::: DATA PROVIDED

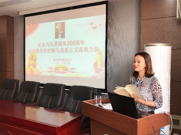 全系教工党员在系报告厅收看纪念马克思诞辰200周年大会
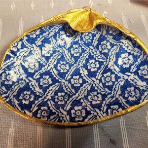 DECOUPAGE CLAM SHELL DECOUPAGE BLUE PRINT ON A CLAM SHELL TRINKET DISH
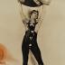 In the photo at the top right, the man wears a solid dark-colored sleeveless jumpsuit with frayed pant legs, with light-colored detailing in the center, and dark-colored dancing shoes. The woman wears a dark colored leotard, matching dance shoes and a light colored hair band.
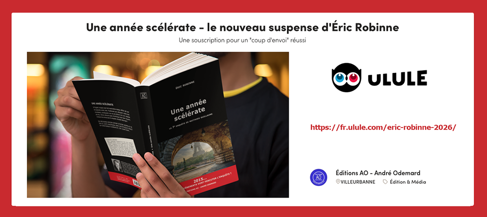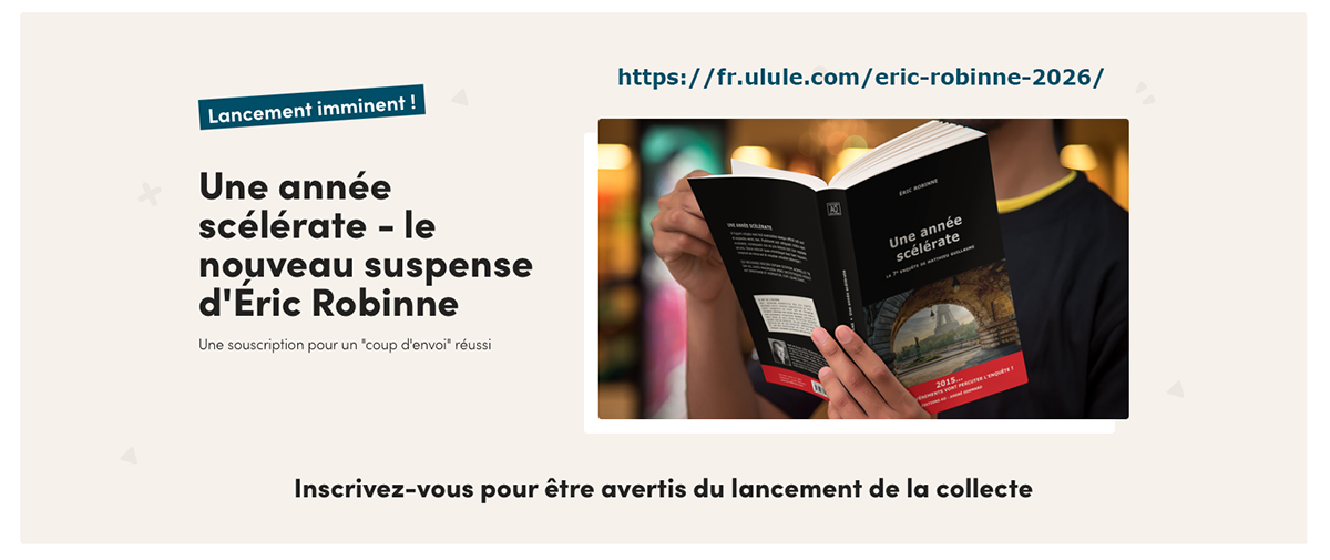 Prochainement sera lancée une campagne sur le site Ulule en vue de la publication du nouveau suspense d'Éric Robinne… Inscrivez-vous à l'adresse fr.ulule.com/eric-robinne-2026/ pour être prévenus de l'ouverture de la collecte.
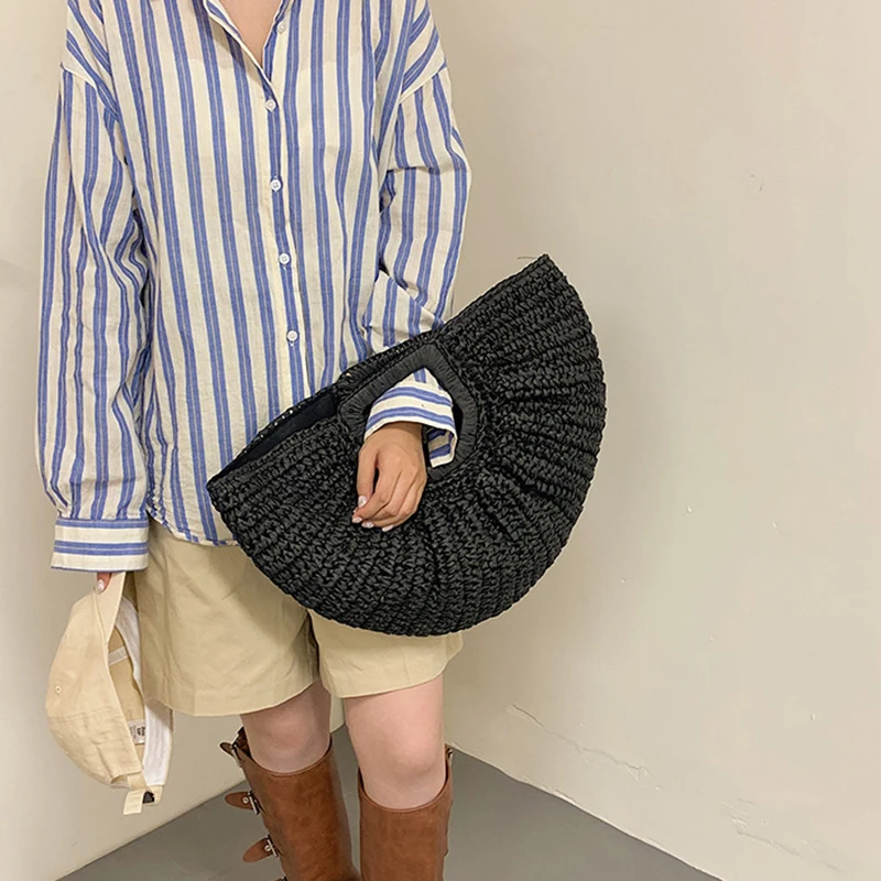 Summer Straw Women Half-moon Beach Handbag Rattan Handmade Handle Fashion Kintted Tote Bag

::::::

▶ TASK DIRECTIONS: Exact wording is required throughout: write out all the records, but no pictures.

▶ OUTPUT:
 全系教工党员在系报告厅收看纪念马克思诞辰200周年大会
 DECOUPAGE CLAM SHELL DECOUPAGE BLUE PRINT ON A CLAM SHELL TRINKET DISH
 In the photo at the top right, the man wears a solid dark-colored sleeveless jumpsuit with frayed pant legs, with light-colored detailing in the center, and dark-colored dancing shoes. The woman wears a dark colored leotard, matching dance shoes and a light colored hair band.
 Prochainement sera lancée une campagne sur le site Ulule en vue de la publication du nouveau suspense d'Éric Robinne… Inscrivez-vous à l'adresse fr.ulule.com/eric-robinne-2026/ pour être prévenus de l'ouverture de la collecte.
 Summer Straw Women Half-moon Beach Handbag Rattan Handmade Handle Fashion Kintted Tote Bag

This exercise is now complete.